[Collected data]
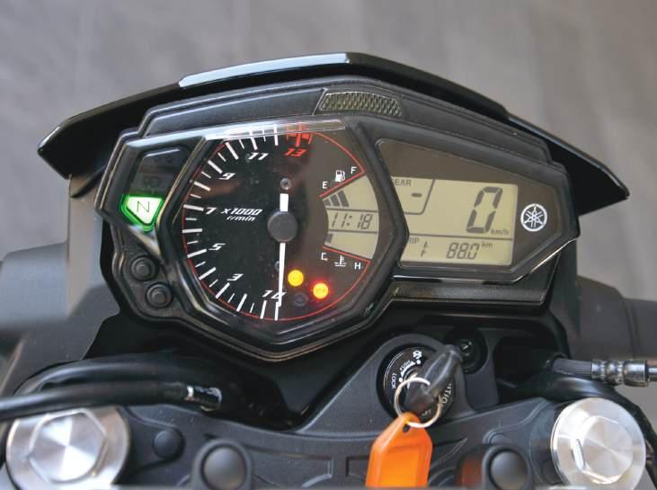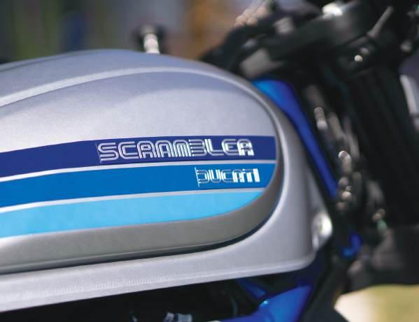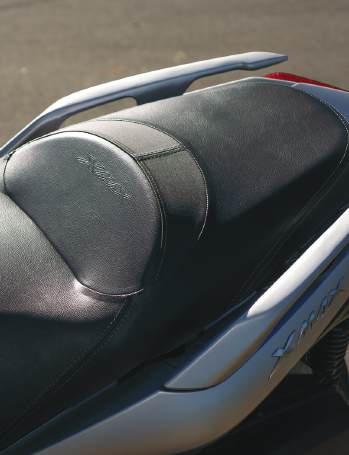 The seat is 830mm from the ground, allowing most sized riders feet to easily touch for optimum control when manoeuvring a stationary bike, also thanks to the compactness of the under body and an overall dry weight 208 kg. The riding position is erect, with relaxed back, legs that are barely flexed and correctly bent arms to effectively grip the wide variable section aluminium handlebar, for total control. Under the seat is a practical
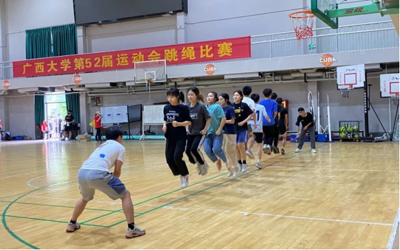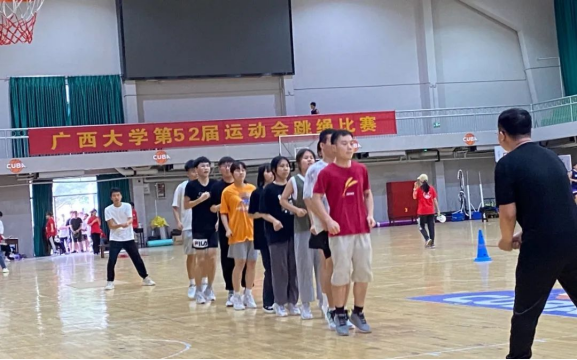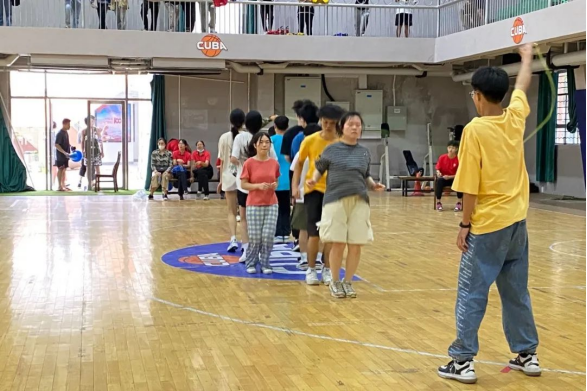 “哒哒哒...”的声音贯穿篮球馆,运动员和裁判员迅速进入状态,紧握绳子,手腕快速转动,时间在裁判员一声声数字中流逝。在这短暂的时间里,大家为同一个目标努力,并肩作战,尽情享受运动带来的快乐。
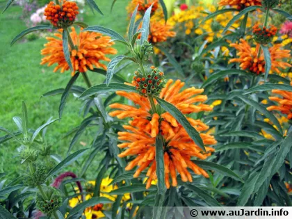 Arbuste étonnant à la floraison orangée très originale, le leonotis toujours spectaculaire, fera son effet aussi bien dans les massifs qu'en potées.
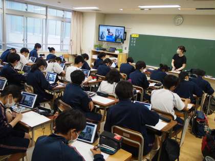 10期生の歴史はタブレットを使用して美術や音楽、文学を学びます。
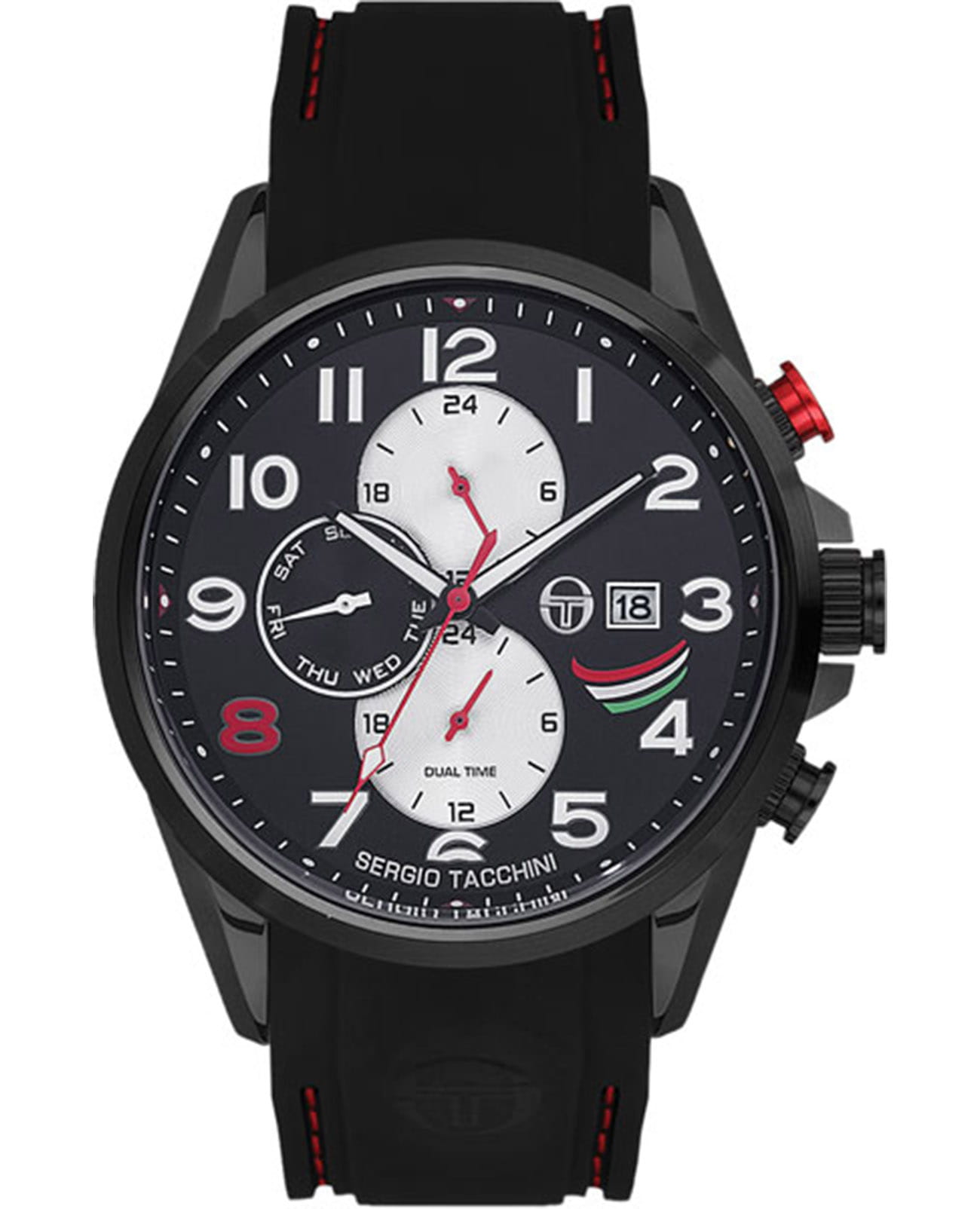 Мужские кварцевые часы Sergio Tacchini из коллекции Archivio — это надёжный спортивный аксессуар с функциональным дизайном. Корпус диаметром 46,5 мм выполнен из нержавеющей стали 316L с PVD-покрытиемPVDУльтратонкое покрытие наносится в технике вакуумного напыления, сочетает в себе нитрид титана особой прочности со слоем золота или оксида хрома. Несёт в себе декоративную или защитную функцию.. Циферблат чёрного цвета оформлен индексами и стрелками. Указатели дня недели и даты вынесены на отдельные субциферблаты, также присутствует индикация 24-часового формата времени и второй часовой пояс. Стрелки с люминесцентным покрытиемЛюминесцентное покрытиеПозволяет считывать показания времени в темноте. Производители наносят на стрелки, часовые индексы, безель или поверхность циферблата светонакопительный состав, дающий холодное свечение., обеспечивающим хорошую читаемость в темноте. Циферблат защищён минеральным стекломМинеральное стеклоМинеральное стекло представляет собой искусственно выращенный минерал кварца. Такое стекло отличается особой устойчивостью к повреждениям и царапинам. Уступает по некоторым качествам сапфировому стеклу. с антибликовым покрытиемАнтибликовое покрытиеСлой оксида металла в 0,13-0,3 микрон, благодаря которому стекло часов не бликует и не отражает свет. Антибликовое покрытие уменьшает отражение света в 10 раз, обеспечивая отличную читаемость показателей циферблата.. Часы оснащены силиконовым ремешком чёрного цвета с стандартной застёжкой. Водонепроницаемость 50 м позволяет использовать часы в повседневных условиях. Идеальный выбор для тех, кто ценит стиль, функциональность и комфорт.
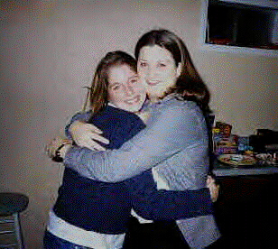 Bridget and Jenni giving each other a year 2000 hug.
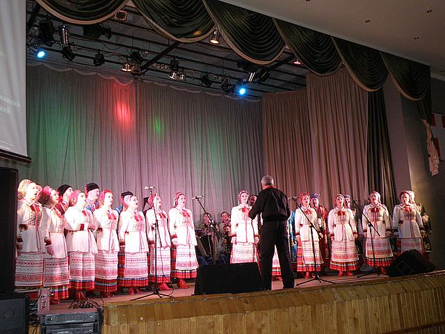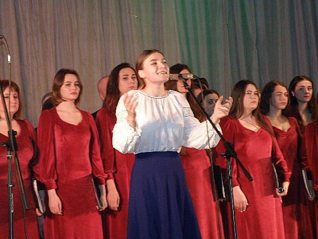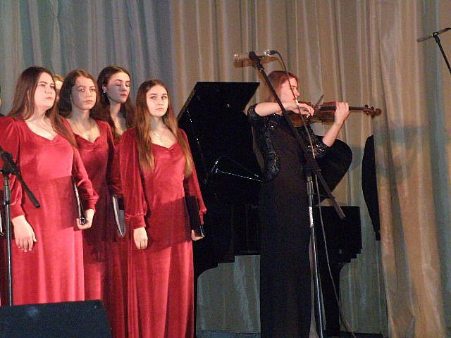 У такому ж лірико-драматичному ключі було витримано й поетично-музичну композицію “До Музи”, побудовану на уривках із творів Лесі Українки – як однойменного вірша, так і поезій “Зимова ніч на чужині”, “Радуйся, Царице”. Виконали її згадана вже Оксана Єфіменко та студентка факультету культури і мистецтв ВНУ Богдана Клявзунік, а супроводом була “Мелодія” Бориса Лятошинського в інтерпретації молодої скрипальки Анастасії Пономарьової (теж студентки згаданого факультету) та піаністки Наталії Коцюрби. Власне, названа композиція відбувалася на тлі факультетського академічного хору, що вже стояв на сцені, тож неважко було здогадатися, що наступний номер представлятимуть саме вони. Цього разу хор акапельно виконав твір Віктора Тиможинського на вірш Лесі Українки “Єсть у мене одна” (солістка – Анна Зарицька), вкотре давши зрозуміти, що там, де за справу береться заслужений діяч мистецтв України Василь Мойсіюк, слухач спокійним не залишиться…
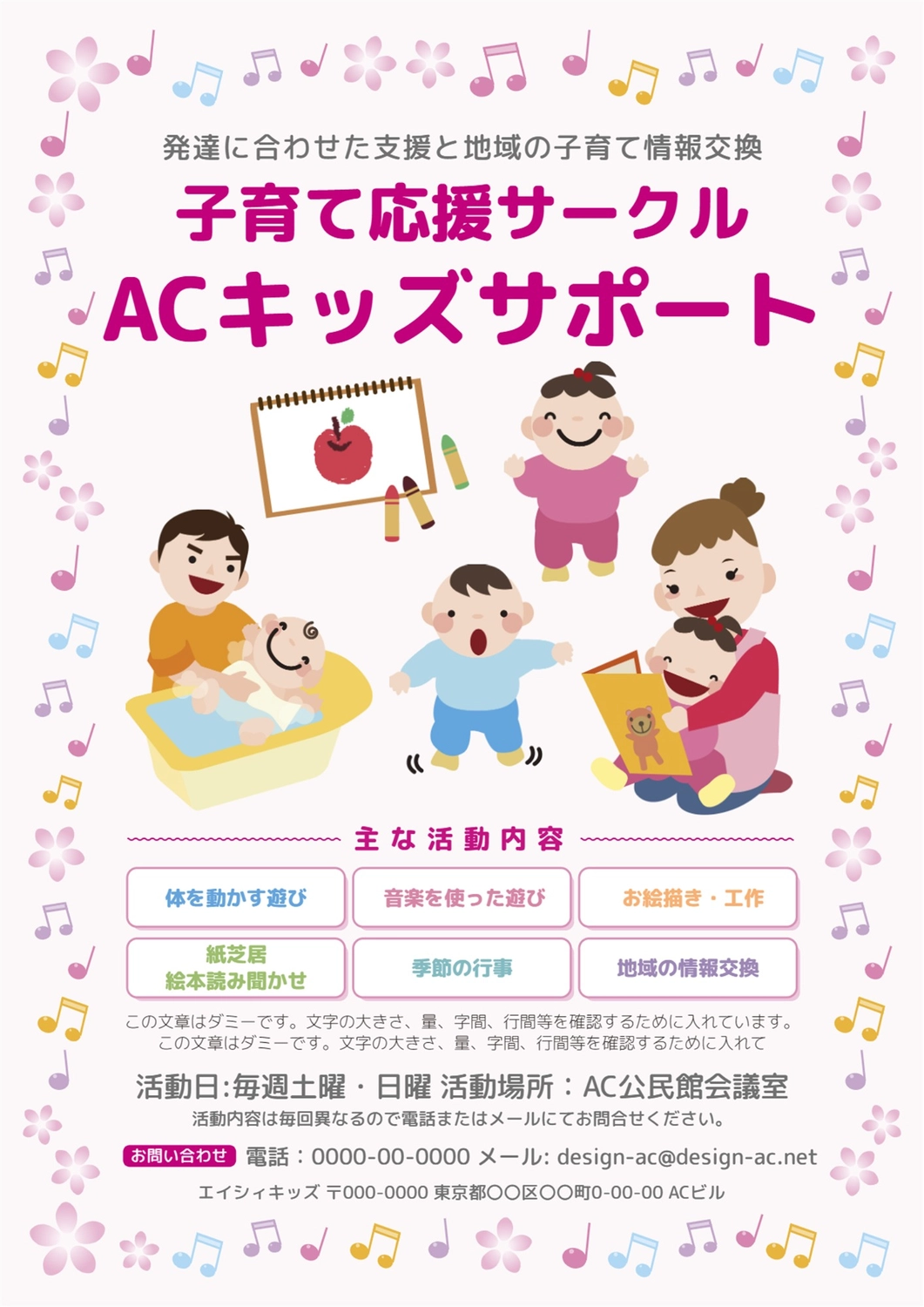 子育て支援フェスタチラシの無料チラシテンプレート 11105 - デザインAC。
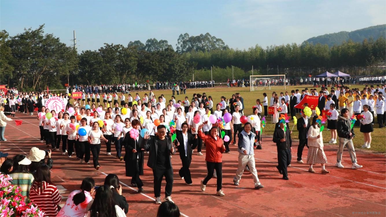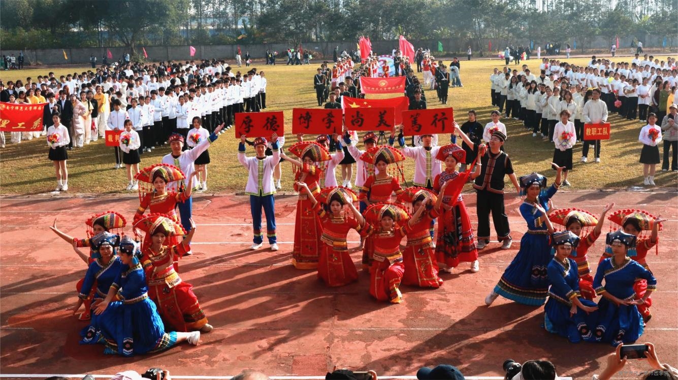 冬月盛会,号声嘹亮震九霄。上午9时,温暖阳光倾洒在田径场。《运动员进行曲》慷慨激昂、振奋人心。国旗队、校旗队踏着矫健有力的步伐,用坚毅的眼神,庄严护卫中华人民共和国国旗、beat365官方网站校旗入场。随后鼓号队、鲜花会徽队、红旗队、裁判员代表队、教职工代表队及各系代表队依次入场,他们个个精神抖擞、喊着铿锵有力的口号,风华正茂的景象,生动展现了beat365师生的睿智儒雅、胸怀天下的精神品格。在文化展演环节,各系融合专业特色、传统文化底蕴和创新理念呈现了独具特色的表演,充分彰显了beat365学子的青春活力与无限创意。
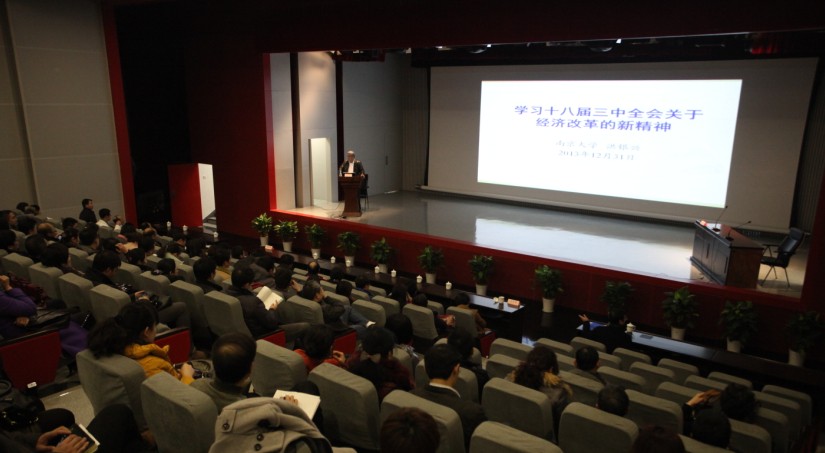 党委书记洪银兴教授作题为“学习十八届三中全会关于经济改革的新精神”的专题讲座。南京市卫生局党委副书记何述渝以及各区卫生局领导班子、各直属单位领导班子、局机关全体干部和卫生系统教育实践活动办公室成员等300余人参加了此次活动。
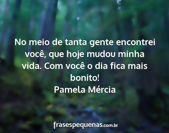 No meio de tanta gente encontrei você, que hoje mudou minha vida. Com você o dia fica mais bonito!Pamela Mércia
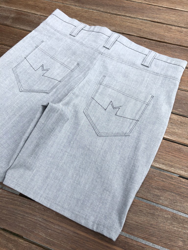 Ik paste nauwelijks iets aan aan de short, maar de achterzakken vond ik toch een beetje vreemd. Die waren dubbel zo lang als ik gewend ben, dus die kortte ik een beetje in. Net als bij zijn meest recente Louis short, naaide ik Michael zijn logo op de achterzakken. Ik teken het logo op patroonpapier, stik er met een dubbele steek over, en scheur het papier er dan af. Een leuk en persoonlijk detail…
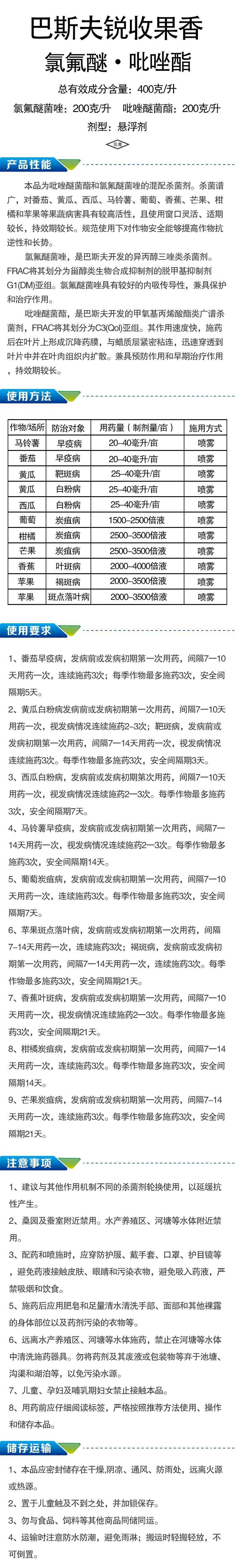 德国巴斯夫 锐收果香 防治葡萄霜霉病、炭疽病、黑痘病、褐斑病
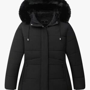 WOMENS WINTER COAT WATERPROOF WARM DOWN COAT DETACHABLE HOOD PARKA JACKET - BLACK
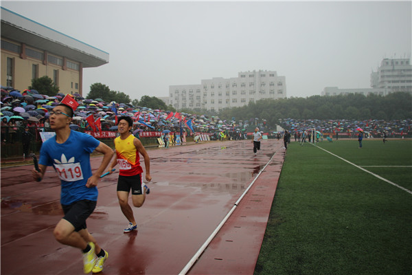 虽说赛时天空下着雨,但雨水的冰冷丝毫没有减弱土木人的激情。当伟德官网运动员上场的那一刻,整个土木学院的看台沸腾了。在锣鼓的节奏声下,所有的土木观众都站起来为他们呐喊助威。裁判员一声枪响,伟德官网第一棒农宇一马当先,和其他队员一样如离弦的箭一般飞奔而出。在整场比赛中,每支代表队都竭尽全力,你追我赶,竞争相当激烈。尤其在最后一棒时,伟德官网王健在距终点一百多米的弯道处突然加速,迅速超越前面的选手,赢得了观众的阵阵赞许,最终伟德官网代表队赢得了决赛第五的好成绩,为土木争了光,验证了那句“钢筋水泥混凝土,我的赛场我做主”。比赛结束后,运动员来到土木观众台,向观众打招呼,观众同时也欢呼雀跃,喜迎王者归来!
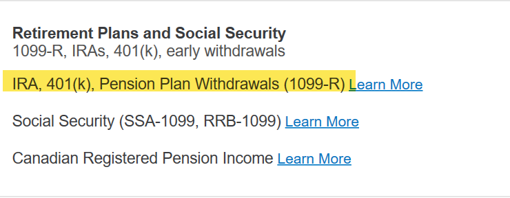 The IRA distribution would be reported on a Form 1099-R entry. You will find that in the Retirement Plans and Social Security section, which is under Wages and Income. Choose IRA, 401(k), Pension Plan Withdrawals (1099-R):

__WORK ORDER__. Pictures are to be dropped, and the remaining data set down exactly.

__TASK RESULT__.
 The seat is 830mm from the ground, allowing most sized riders feet to easily touch for optimum control when manoeuvring a stationary bike, also thanks to the compactness of the under body and an overall dry weight 208 kg. The riding position is erect, with relaxed back, legs that are barely flexed and correctly bent arms to effectively grip the wide variable section aluminium handlebar, for total control. Under the seat is a practical
 “哒哒哒...”的声音贯穿篮球馆,运动员和裁判员迅速进入状态,紧握绳子,手腕快速转动,时间在裁判员一声声数字中流逝。在这短暂的时间里,大家为同一个目标努力,并肩作战,尽情享受运动带来的快乐。
 Arbuste étonnant à la floraison orangée très originale, le leonotis toujours spectaculaire, fera son effet aussi bien dans les massifs qu'en potées.
 10期生の歴史はタブレットを使用して美術や音楽、文学を学びます。
 Мужские кварцевые часы Sergio Tacchini из коллекции Archivio — это надёжный спортивный аксессуар с функциональным дизайном. Корпус диаметром 46,5 мм выполнен из нержавеющей стали 316L с PVD-покрытиемPVDУльтратонкое покрытие наносится в технике вакуумного напыления, сочетает в себе нитрид титана особой прочности со слоем золота или оксида хрома. Несёт в себе декоративную или защитную функцию.. Циферблат чёрного цвета оформлен индексами и стрелками. Указатели дня недели и даты вынесены на отдельные субциферблаты, также присутствует индикация 24-часового формата времени и второй часовой пояс. Стрелки с люминесцентным покрытиемЛюминесцентное покрытиеПозволяет считывать показания времени в темноте. Производители наносят на стрелки, часовые индексы, безель или поверхность циферблата светонакопительный состав, дающий холодное свечение., обеспечивающим хорошую читаемость в темноте. Циферблат защищён минеральным стекломМинеральное стеклоМинеральное стекло представляет собой искусственно выращенный минерал кварца. Такое стекло отличается особой устойчивостью к повреждениям и царапинам. Уступает по некоторым качествам сапфировому стеклу. с антибликовым покрытиемАнтибликовое покрытиеСлой оксида металла в 0,13-0,3 микрон, благодаря которому стекло часов не бликует и не отражает свет. Антибликовое покрытие уменьшает отражение света в 10 раз, обеспечивая отличную читаемость показателей циферблата.. Часы оснащены силиконовым ремешком чёрного цвета с стандартной застёжкой. Водонепроницаемость 50 м позволяет использовать часы в повседневных условиях. Идеальный выбор для тех, кто ценит стиль, функциональность и комфорт.
 Bridget and Jenni giving each other a year 2000 hug.
 У такому ж лірико-драматичному ключі було витримано й поетично-музичну композицію “До Музи”, побудовану на уривках із творів Лесі Українки – як однойменного вірша, так і поезій “Зимова ніч на чужині”, “Радуйся, Царице”. Виконали її згадана вже Оксана Єфіменко та студентка факультету культури і мистецтв ВНУ Богдана Клявзунік, а супроводом була “Мелодія” Бориса Лятошинського в інтерпретації молодої скрипальки Анастасії Пономарьової (теж студентки згаданого факультету) та піаністки Наталії Коцюрби. Власне, названа композиція відбувалася на тлі факультетського академічного хору, що вже стояв на сцені, тож неважко було здогадатися, що наступний номер представлятимуть саме вони. Цього разу хор акапельно виконав твір Віктора Тиможинського на вірш Лесі Українки “Єсть у мене одна” (солістка – Анна Зарицька), вкотре давши зрозуміти, що там, де за справу береться заслужений діяч мистецтв України Василь Мойсіюк, слухач спокійним не залишиться…
 子育て支援フェスタチラシの無料チラシテンプレート 11105 - デザインAC。
 冬月盛会,号声嘹亮震九霄。上午9时,温暖阳光倾洒在田径场。《运动员进行曲》慷慨激昂、振奋人心。国旗队、校旗队踏着矫健有力的步伐,用坚毅的眼神,庄严护卫中华人民共和国国旗、beat365官方网站校旗入场。随后鼓号队、鲜花会徽队、红旗队、裁判员代表队、教职工代表队及各系代表队依次入场,他们个个精神抖擞、喊着铿锵有力的口号,风华正茂的景象,生动展现了beat365师生的睿智儒雅、胸怀天下的精神品格。在文化展演环节,各系融合专业特色、传统文化底蕴和创新理念呈现了独具特色的表演,充分彰显了beat365学子的青春活力与无限创意。
 党委书记洪银兴教授作题为“学习十八届三中全会关于经济改革的新精神”的专题讲座。南京市卫生局党委副书记何述渝以及各区卫生局领导班子、各直属单位领导班子、局机关全体干部和卫生系统教育实践活动办公室成员等300余人参加了此次活动。
 No meio de tanta gente encontrei você, que hoje mudou minha vida. Com você o dia fica mais bonito!Pamela Mércia
 Ik paste nauwelijks iets aan aan de short, maar de achterzakken vond ik toch een beetje vreemd. Die waren dubbel zo lang als ik gewend ben, dus die kortte ik een beetje in. Net als bij zijn meest recente Louis short, naaide ik Michael zijn logo op de achterzakken. Ik teken het logo op patroonpapier, stik er met een dubbele steek over, en scheur het papier er dan af. Een leuk en persoonlijk detail…
 德国巴斯夫 锐收果香 防治葡萄霜霉病、炭疽病、黑痘病、褐斑病
 WOMENS WINTER COAT WATERPROOF WARM DOWN COAT DETACHABLE HOOD PARKA JACKET - BLACK
 虽说赛时天空下着雨,但雨水的冰冷丝毫没有减弱土木人的激情。当伟德官网运动员上场的那一刻,整个土木学院的看台沸腾了。在锣鼓的节奏声下,所有的土木观众都站起来为他们呐喊助威。裁判员一声枪响,伟德官网第一棒农宇一马当先,和其他队员一样如离弦的箭一般飞奔而出。在整场比赛中,每支代表队都竭尽全力,你追我赶,竞争相当激烈。尤其在最后一棒时,伟德官网王健在距终点一百多米的弯道处突然加速,迅速超越前面的选手,赢得了观众的阵阵赞许,最终伟德官网代表队赢得了决赛第五的好成绩,为土木争了光,验证了那句“钢筋水泥混凝土,我的赛场我做主”。比赛结束后,运动员来到土木观众台,向观众打招呼,观众同时也欢呼雀跃,喜迎王者归来!
 The IRA distribution would be reported on a Form 1099-R entry. You will find that in the Retirement Plans and Social Security section, which is under Wages and Income. Choose IRA, 401(k), Pension Plan Withdrawals (1099-R):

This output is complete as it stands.